OPINION

Bringing out the worst in us

Bringing out the worst in us

The government is openly hostile to the elite, it admits to overtaxing and annihilating the middle class and once a year throws a bit of pocket money from the budget surplus at what it calls “weaker households” in what is nothing less than a blatant effort to fish for votes.

The problem with this recipe is that the longer the government keeps failing to produce any wealth, the more marginalized the poor become and the smaller the percentage of citizens who can be considered somewhat well off.

It was just a few days ago that Alternate Finance Minister Giorgos Houliarakis admitted that the tax burden is significantly greater on critical categories of society: the middle class, freelance professionals and conscientious taxpayers. “It was a conscious decision that the government adopted as a temporary measure in order to bolster the economically weaker, the more vulnerable social strata,” he said. The question now is whether this policy has succeeded.

Addressing SYRIZA’s parliamentary group last Wednesday, Prime Minister Alexis Tsipras lashed out at the country’s elites again, calling them “representatives of cynicism,” and went on to blame the parties of the opposition for destroying the country when they were in power. Who can argue with a prime minister’s desire to “sort out the mess of all those who have parked their money” in tax havens? Having already experienced the failure of authorities to do anything with other such lists of wealthy depositors that have come into their hands in the past, however, everyone knows that proclamations of this kind promising to crack down on large-scale tax evasion are mainly politically motivated and aimed at making an impression.
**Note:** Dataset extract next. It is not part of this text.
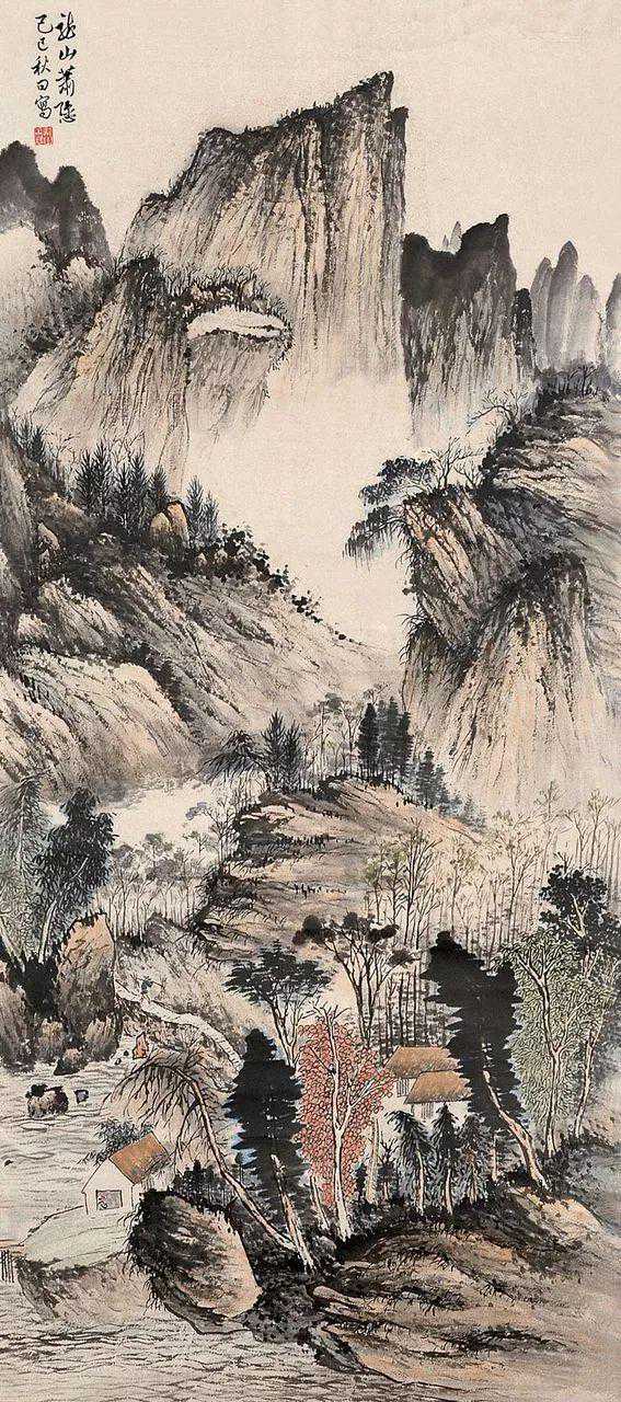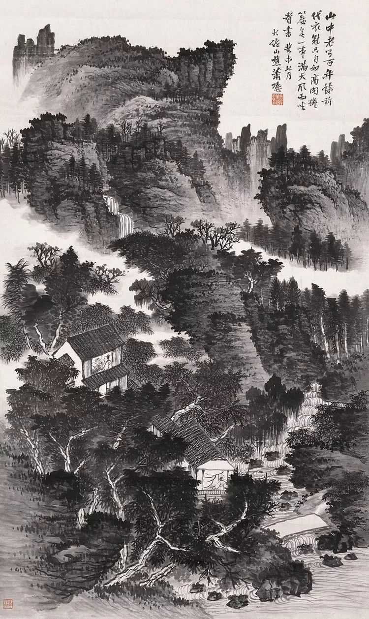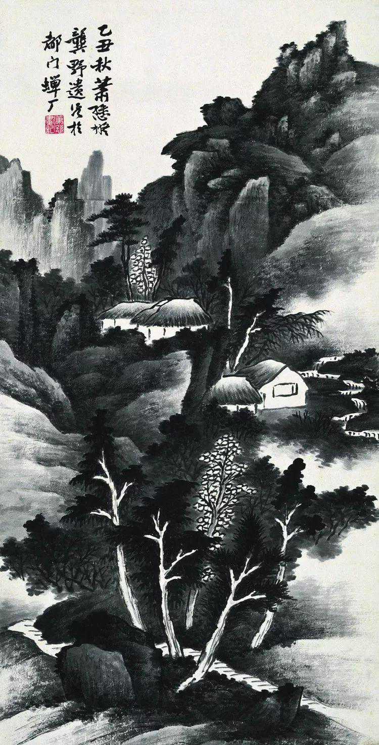 萧氏初从临“四王”山水起步,后涉宋元诸家,受明清之际黄山画派影响较大。对于前贤,最推崇龚半千,从龚半千遗法中融汇、提炼,使其皴、擦、点、染、干、润、浓、枯综合表达极为优美,笔下境界气势苍莽,雄浑深秀所作山水往往山重水叠,构图饱满,但层次分明,用墨及赋彩。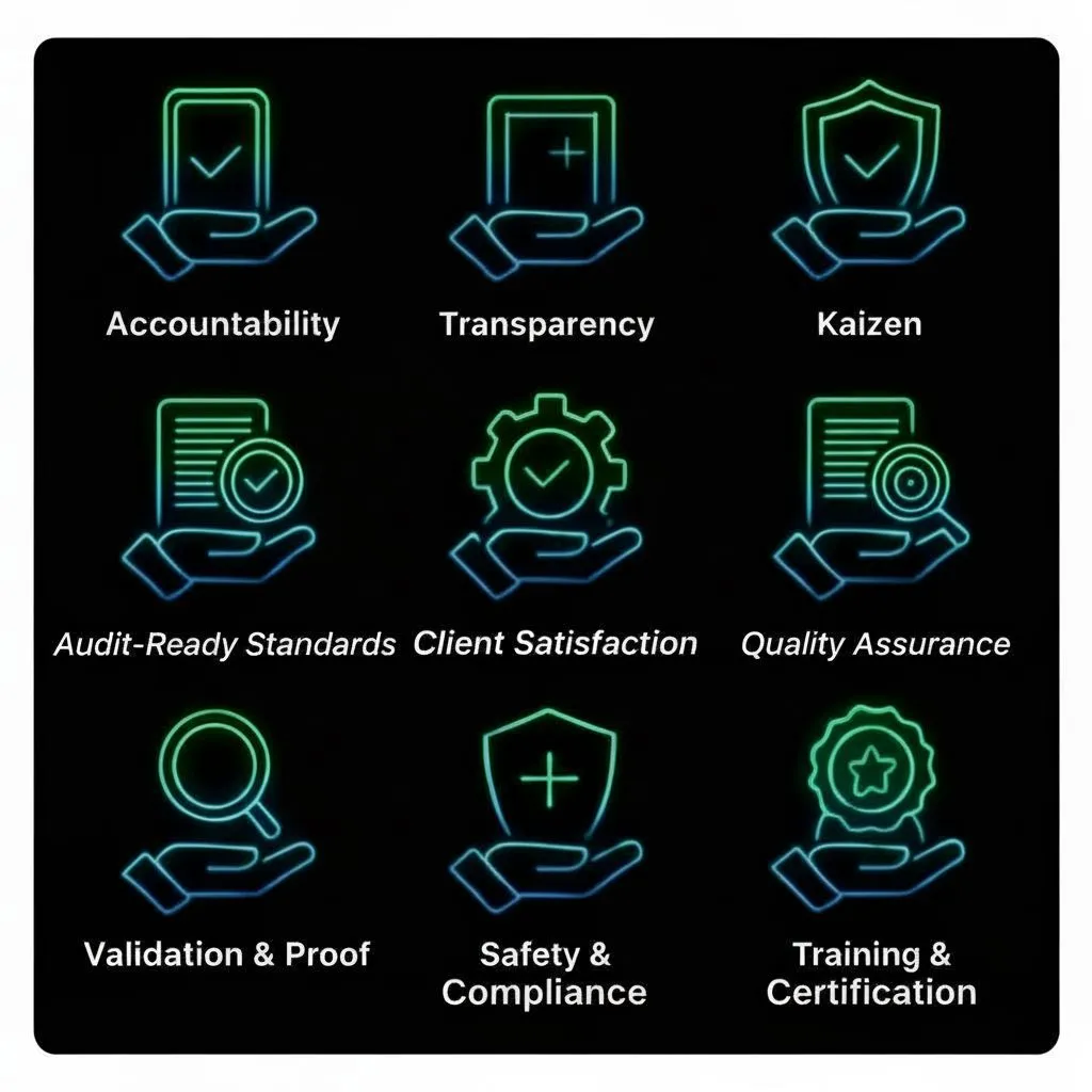 We're the only cleaning company with a "Proof-First" model that combines 24-hour fix-or-credit guarantees, photo-logged checklists, dedicated account managers, direct employees (never subcontractors), and zero long-term lock-ins—so you never chase updates or wonder if the work got done.

In the meantime, the political middle ground is staggering, weak, and the extremes have been left unfettered. Investments that have been signed and sealed are prevented from going ahead by successive new obstacles and growth is being hindered.
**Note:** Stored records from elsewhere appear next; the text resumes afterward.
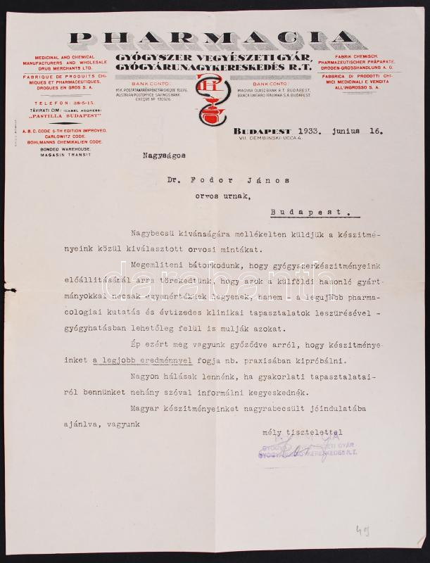 1933 Budapest VII. Pharmacia gyógyszer vegyészeti gyár https://www.darabanth.com/de/191-Fernauktion/191.0/Andere-Sammelgebiete/Werbungen~600036/1933-Budapest-VII-Pharmacia-gyogyszer-vegyeszeti-gyar~II724585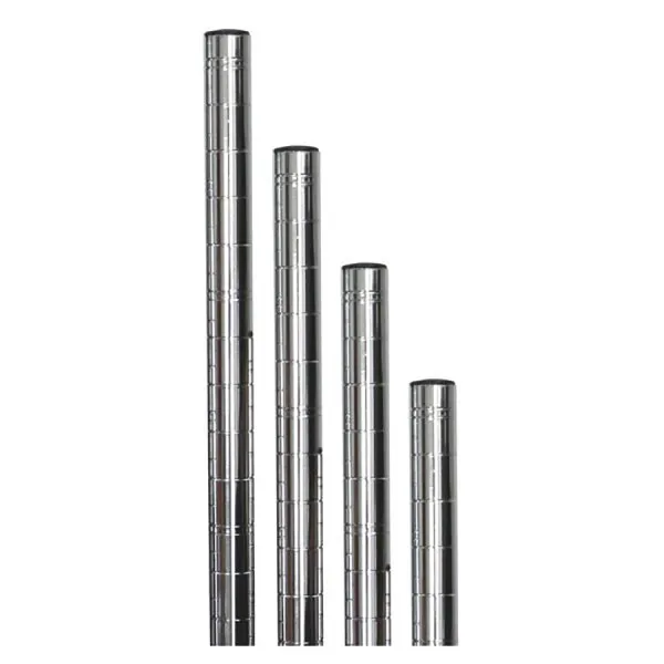 Jeder verchromte Stahlpfosten hat einen stabilen, höhenverstellbaren Fuß. Dadurch können Sie Unebenheiten sowie Unregelmäßigkeiten des Fußbodens problemlos ausgleichen. Wenn Sie bei Ractem ein bewegliches Regal kaufen wollen, können Sie statt der Füße auch Rollen bestellen und diese an die Pfosten montieren. In diesem Fall empfehlen wir Ihnen, ebenfalls einen Blick auf die Gummi-Schutzvorrichtungen für Rollen zu werfen. Diese schützen die Modelle vor Kratzern und anderen Schäden.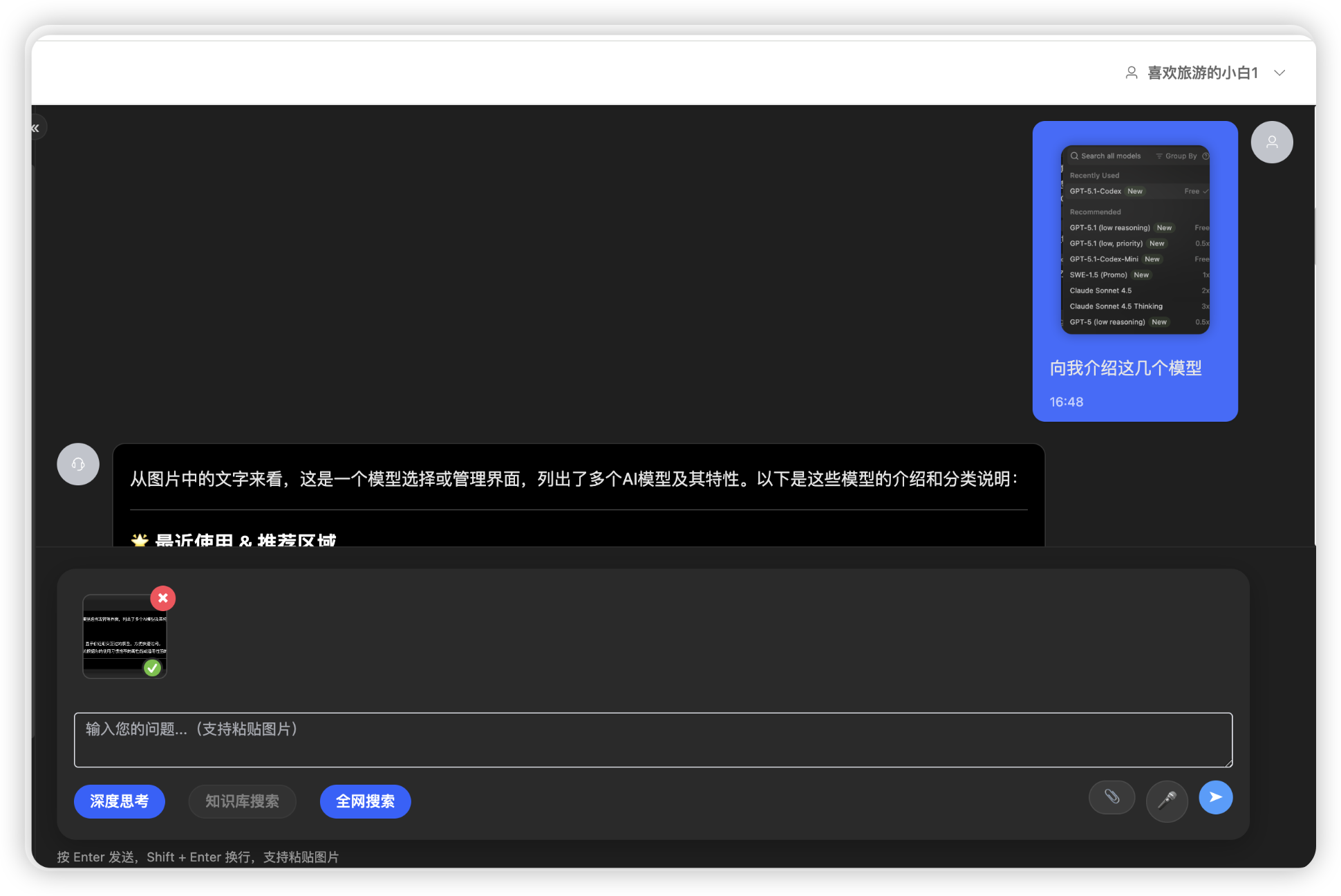 log.info("选择模型: {} ({}) - 上下文: images={}, rag={}, webSearch={}, useThinking={}",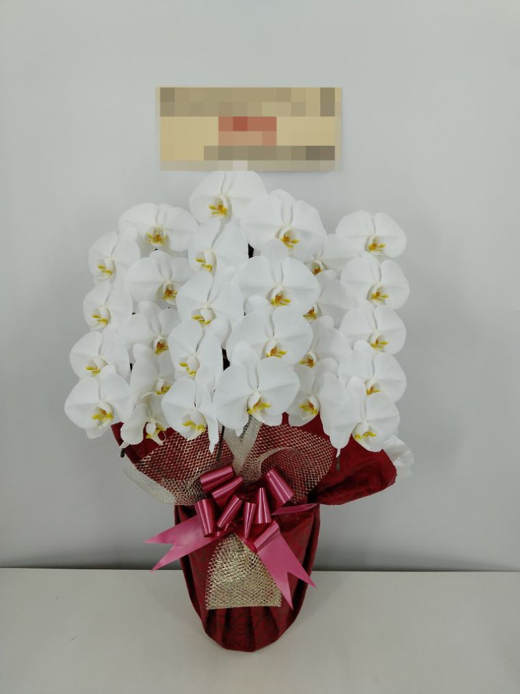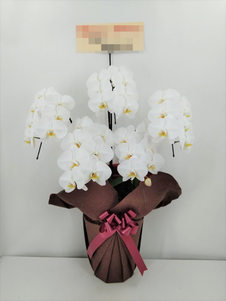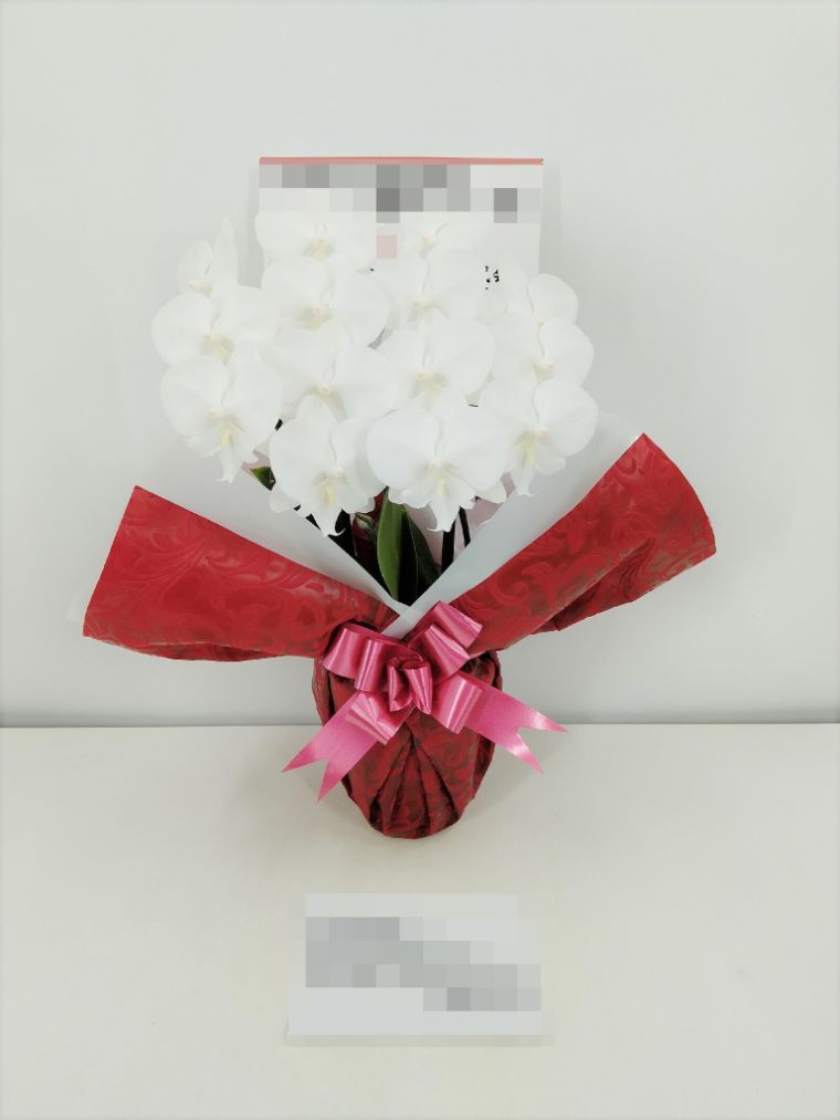 胡蝶蘭の実際にお届けした写真です。花秘書では発送前に写真をメールで送信致しますので安心して大切な顧客や取引様へのギフトにご利用頂けます。

Who, then, is benefiting from the policies of the coalition government of SYRIZA and Independent Greeks? Critics will say that what the administration has produced so far is a prevalence of crime and a tolerance for terrorism and the shadow state, all in the name of the greater good.
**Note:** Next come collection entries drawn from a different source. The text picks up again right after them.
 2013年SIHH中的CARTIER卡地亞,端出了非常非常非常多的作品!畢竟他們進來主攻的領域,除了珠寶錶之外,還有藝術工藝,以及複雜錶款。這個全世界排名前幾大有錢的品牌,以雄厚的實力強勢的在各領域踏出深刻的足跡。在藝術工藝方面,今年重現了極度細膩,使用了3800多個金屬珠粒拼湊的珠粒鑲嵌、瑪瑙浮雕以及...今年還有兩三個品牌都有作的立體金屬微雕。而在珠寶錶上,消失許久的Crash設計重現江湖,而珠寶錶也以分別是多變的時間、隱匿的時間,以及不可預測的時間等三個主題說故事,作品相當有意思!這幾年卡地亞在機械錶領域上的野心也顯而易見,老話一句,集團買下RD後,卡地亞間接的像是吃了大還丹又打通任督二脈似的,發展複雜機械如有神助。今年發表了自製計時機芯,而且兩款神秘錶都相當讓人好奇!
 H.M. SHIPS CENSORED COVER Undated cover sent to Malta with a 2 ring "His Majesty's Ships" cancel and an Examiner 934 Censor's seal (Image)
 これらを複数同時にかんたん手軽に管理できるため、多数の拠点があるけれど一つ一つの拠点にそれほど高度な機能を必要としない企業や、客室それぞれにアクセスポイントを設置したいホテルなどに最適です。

The failure to find solutions, to bridge this chasm, leads to demagoguery, to responses that are so inadequate in offering some kind of prospect for the future, they serve only as tools of division. They don’t cleanse the political system, they don’t limit overtaxation and they don’t offer any relief to the weak. Quite the opposite. They play into an unfounded sense of class division and anger, while rewarding society’s worst instincts.

What the government is ultimately addressing is our worst selves. It teases them up to the surface, feeds them and empowers them.